Your objective
What you write should match, word for word, the lines from the one containing "A Calça Infantil" through the end of the data, with no pictures.

Material provided
# # # # #

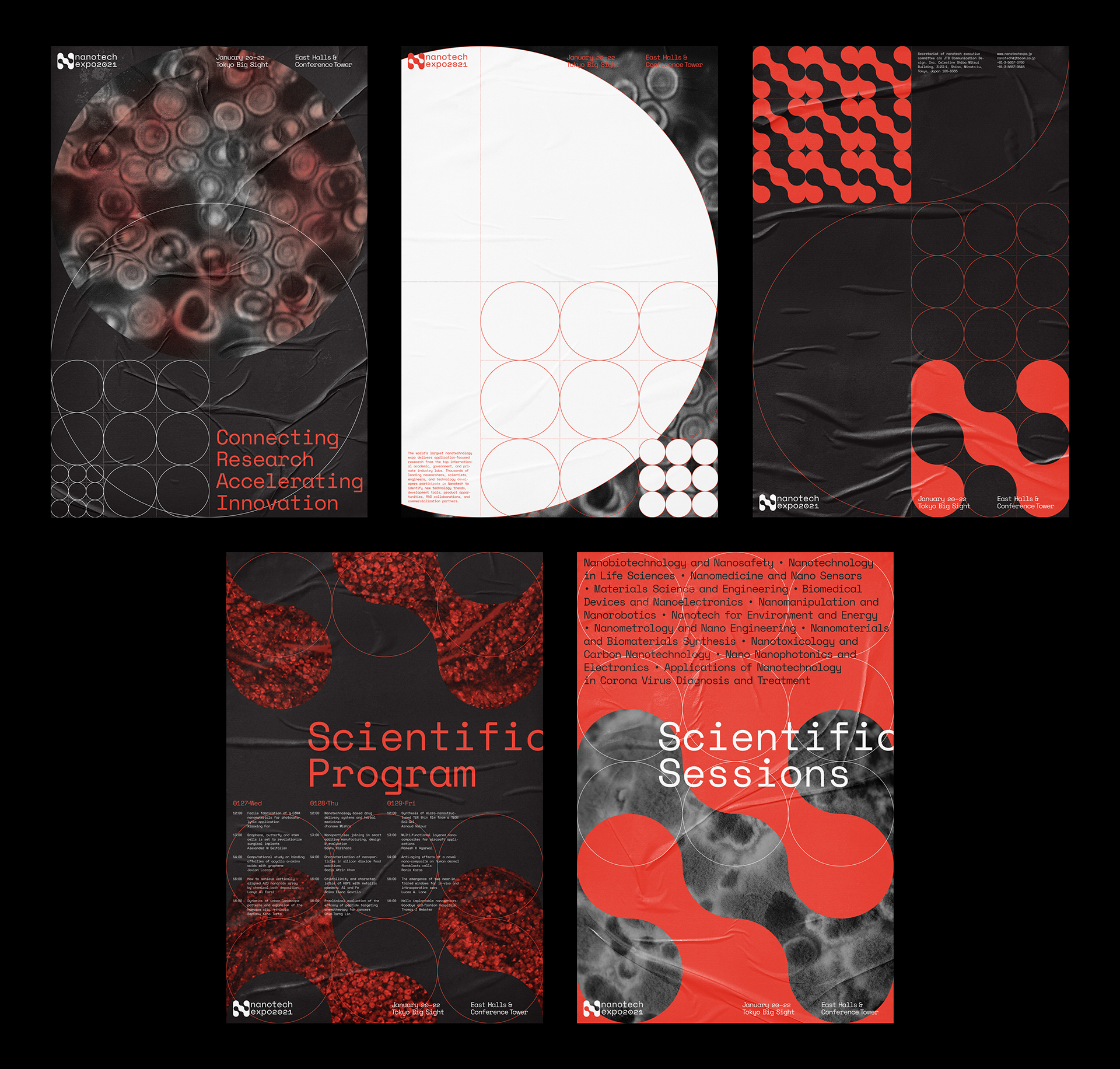 Nanotech Expo is the world's largest annual nanotechnology conference, gathering leading researchers, scientists, engineers, developers, and entrepreneurs to discuss the innovation and future of nanotechnology. The identity system of Nanotech Expo is based on the idea that nanoscale molecules interact with each other to bring innovation. Also, the new logo conveys the conference’s mission, connecting a wide range of experts to innovate the future of nanotechnology.
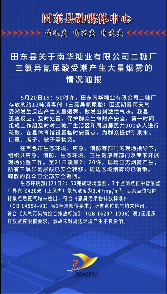 5 月 21 日," 芒乡田东 " 视频号发布《田东县关于南华糖业有限公司二糖厂三氯异氰尿酸受潮产生大量烟雾的情况通报》:
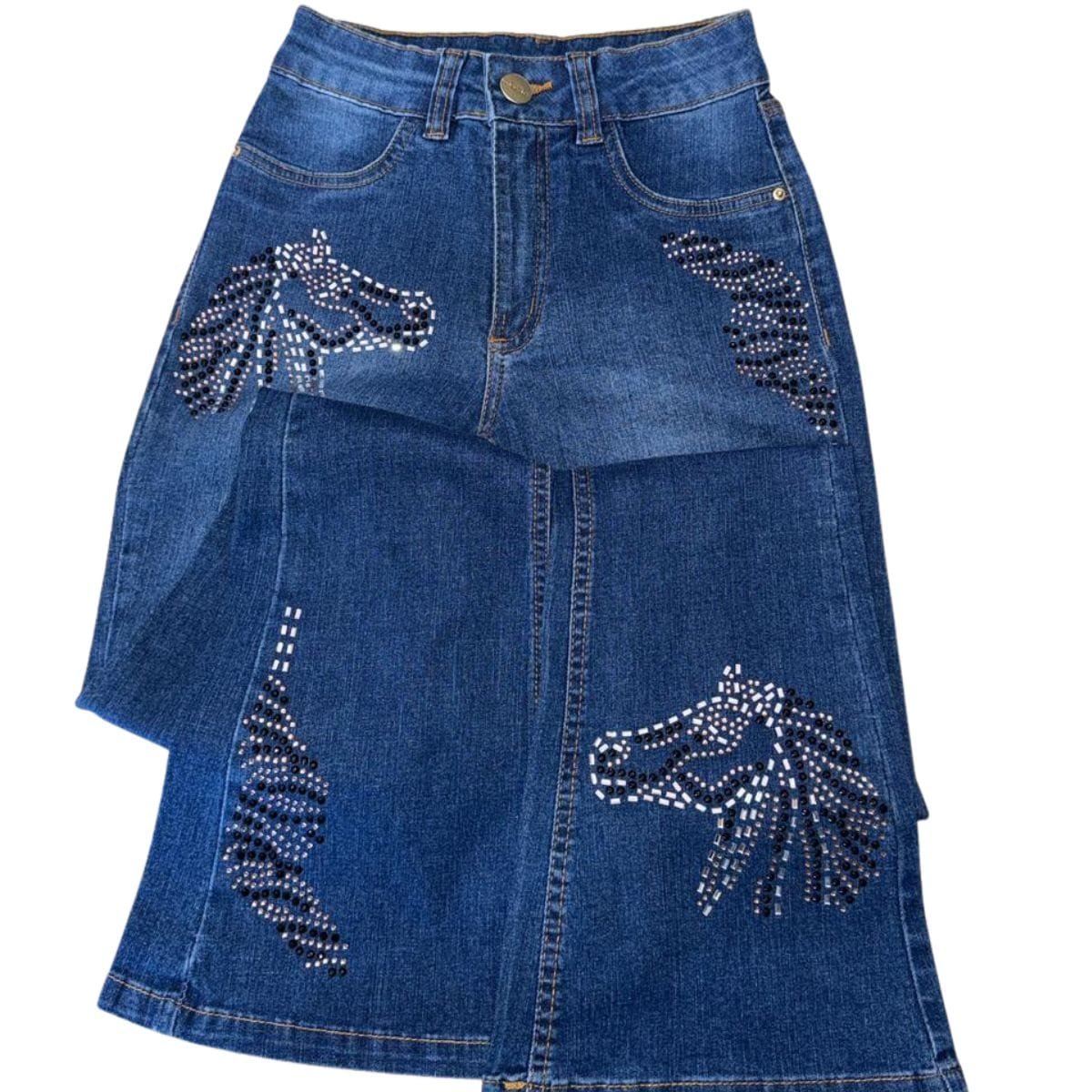 A Calça Infantil Feminina Os Vaqueiros com Brilho (Ref: V23-10055) é uma das peças mais modernas e desejadas da coleção recente da marca. Ela foi desenhada para a pequena “cowgirl” que quer se destacar, unindo o corte funcional do campo com o acabamento de moda urbana.
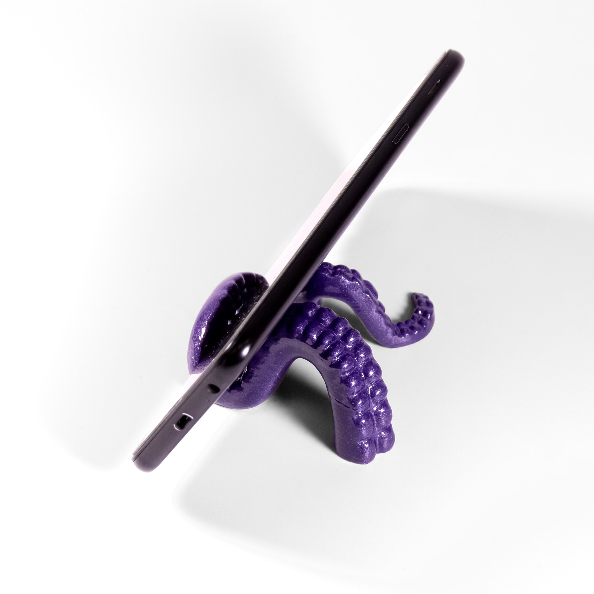 Держатель телефона в виде щупальца осьминога, фиолетовая информация:

# # # # #

Response for this exercise
 A Calça Infantil Feminina Os Vaqueiros com Brilho (Ref: V23-10055) é uma das peças mais modernas e desejadas da coleção recente da marca. Ela foi desenhada para a pequena “cowgirl” que quer se destacar, unindo o corte funcional do campo com o acabamento de moda urbana.
 Держатель телефона в виде щупальца осьминога, фиолетовая информация:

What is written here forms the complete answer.